# [WHAT IS REQUIRED]
Exact reproduction required: the lines below from the line with "The culinary art" to the line with "- Su acogedor", both ends included, and no others.

# [SOURCE MATERIAL]
▽
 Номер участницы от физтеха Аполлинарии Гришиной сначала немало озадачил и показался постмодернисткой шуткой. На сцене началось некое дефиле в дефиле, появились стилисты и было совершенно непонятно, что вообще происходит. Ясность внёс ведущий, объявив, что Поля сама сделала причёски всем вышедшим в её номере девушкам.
△
▽
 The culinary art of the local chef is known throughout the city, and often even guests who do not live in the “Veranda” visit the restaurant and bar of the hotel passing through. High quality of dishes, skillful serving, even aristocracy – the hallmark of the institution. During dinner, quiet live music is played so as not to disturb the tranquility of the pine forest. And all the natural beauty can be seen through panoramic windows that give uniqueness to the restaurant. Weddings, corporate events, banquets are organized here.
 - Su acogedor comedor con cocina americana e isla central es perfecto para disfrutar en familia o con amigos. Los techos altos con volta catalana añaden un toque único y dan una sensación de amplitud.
△
# [ANSWER AREA]
 The culinary art of the local chef is known throughout the city, and often even guests who do not live in the “Veranda” visit the restaurant and bar of the hotel passing through. High quality of dishes, skillful serving, even aristocracy – the hallmark of the institution. During dinner, quiet live music is played so as not to disturb the tranquility of the pine forest. And all the natural beauty can be seen through panoramic windows that give uniqueness to the restaurant. Weddings, corporate events, banquets are organized here.
 - Su acogedor comedor con cocina americana e isla central es perfecto para disfrutar en familia o con amigos. Los techos altos con volta catalana añaden un toque único y dan una sensación de amplitud.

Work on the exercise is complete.